Provided data:
══════════════════════════════

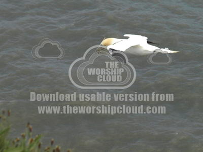 Gannet flying with nesting material over the sea, you can clearly see seaweed in its beak as it soars along the cliff edge.
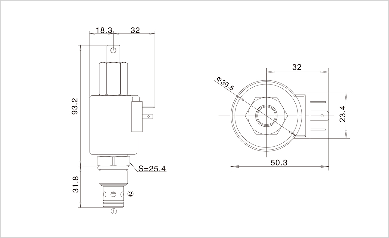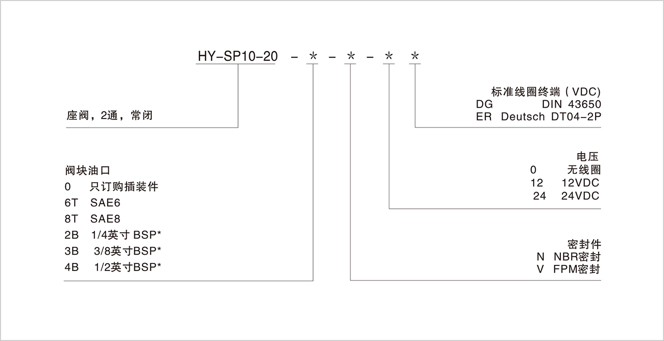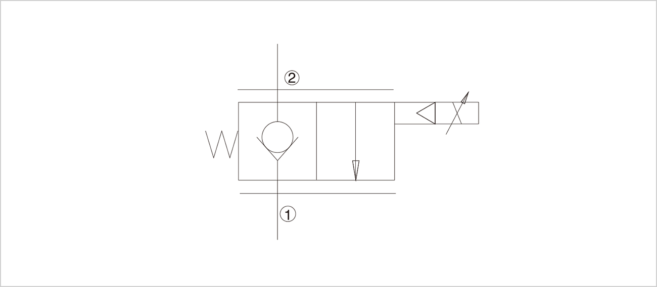 斷電時,HY-SP10-20用作單向閥,允許油液從①流向② ,同時截止油液從② 流向① 。通電時,②流向① 的通道將被打開。流量與作用到線圈中的電流成比例。應急手控也可以改變流量。
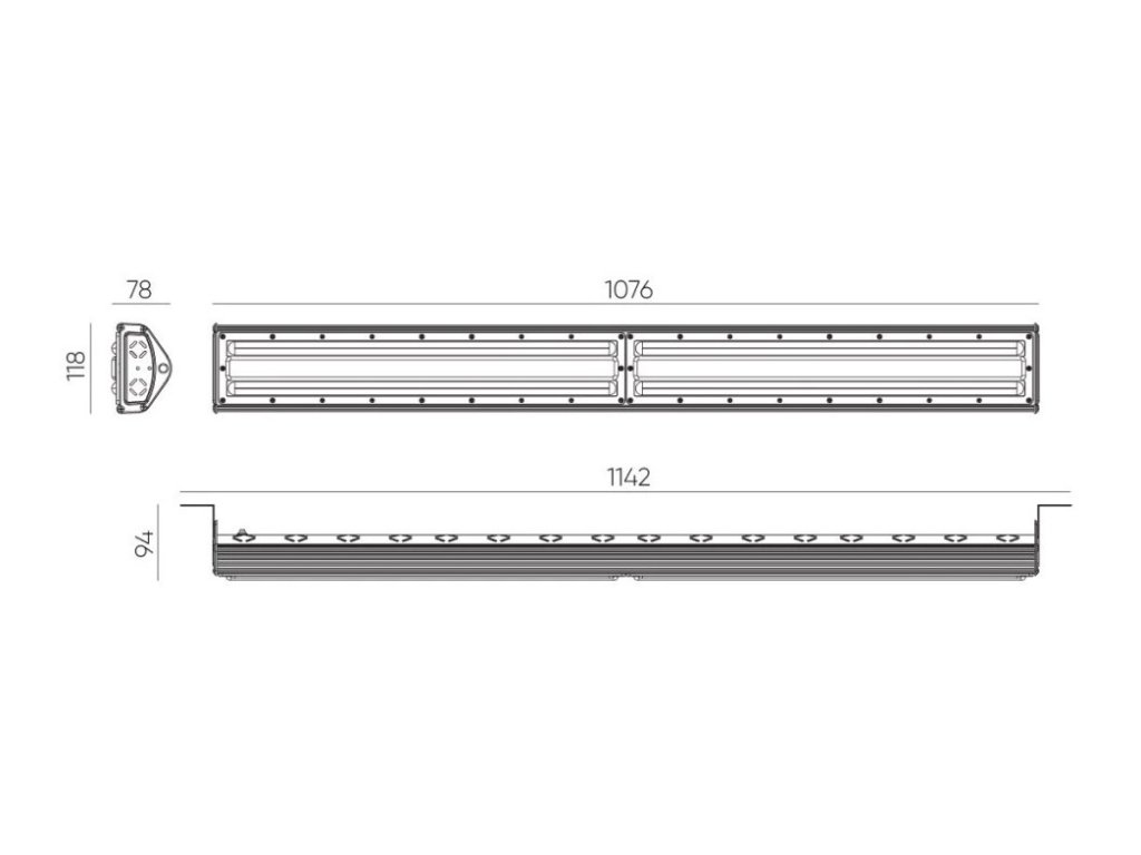 - az aszimmetrikus 120 x 60°-os lencse nagy területek egyenletes megvilágítását biztosítja, miközben minimalizálja a fényszórást, jól működik zord környezetben, tartós és energiahatékony, növeli a munka kényelmét és csökkenti a szemfáradtságot

══════════════════════════════

What you return should match the material line for line, with the images removed.

 Gannet flying with nesting material over the sea, you can clearly see seaweed in its beak as it soars along the cliff edge.
 斷電時,HY-SP10-20用作單向閥,允許油液從①流向② ,同時截止油液從② 流向① 。通電時,②流向① 的通道將被打開。流量與作用到線圈中的電流成比例。應急手控也可以改變流量。
 - az aszimmetrikus 120 x 60°-os lencse nagy területek egyenletes megvilágítását biztosítja, miközben minimalizálja a fényszórást, jól működik zord környezetben, tartós és energiahatékony, növeli a munka kényelmét és csökkenti a szemfáradtságot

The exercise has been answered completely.